在CUDA内核嵌套 [英] Nested kernels in CUDA

查看：225 发布时间：2016/6/1 19:47:29 arrays cuda

本文介绍了在CUDA内核嵌套的处理方法，对大家解决问题具有一定的参考价值，需要的朋友们下面随着小编来一起学习吧！

问题描述

CUDA目前不允许嵌套的内核。

CUDA currently does not allow nested kernels.

要具体，我有以下问题：
我有M维数据的N个。处理每个N个数据点的三内核需要在序列中运行。一直以来，仁嵌套是不允许的，我不能创建调用这三个内核的内核。因此，我必须串行处理每个数据点。

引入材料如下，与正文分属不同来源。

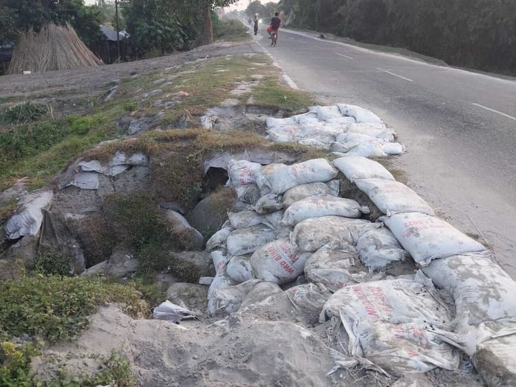 सरायगढ़. पूर्वी कोसी तटबंध सह सीमा सुरक्षा सड़क में जगह-जगह रेनकट बन जाने से दुर्घटना की आशंका बनी रहती है. बताया जाता है कि भपटियाही, कल्याणपुर, गौरीपट्टी, नौनपार, वैसा, सिमरी, कोढली, लोकहा, गोपालपुर सहित अन्य गांव के पास भी पूर्वी कोसी तटबंध सह सीमा सुरक्षा सड़क के दोनों किनारे खतरनाक रेनकट बना हुआ है. सीमा सुरक्षा सड़क से प्रतिदिन बड़ी संख्या में वीरपुर, भीमनगर, नेपाल सहित अन्य जगहों के लिए लोग वाहनों से आते-जाते हैं, लेकिन सड़क में रेनकट के कारण बराबर दुर्घटना घटती रहती है. भपटियाही पंचायत के मुखिया विजय कुमार यादव, लोकहा पंचायत की मुखिया महारानी देवी, मनोज यादव आदि ने जिला प्रशासन से सड़क में बने रेनकट की जल्द मरम्मत कराने की मांग की है. उधर, जल संसाधन विभाग के जेई महंत किशोर दास ने बताया कि पूर्वी कोसी तटबंध सह सीमा सुरक्षा सड़क में बने रेनकट की जल्द मरम्मत कराई जाएगी.

To be specific, I have the following problem: I have N number of M-dimensional data. To process each of the N data-points, three kernels need to be run in a sequence. Since, nesting of kernels is not allowed, I cannot create a kernel with calls to the three kernels. Therefore, I have to process each data-point serially.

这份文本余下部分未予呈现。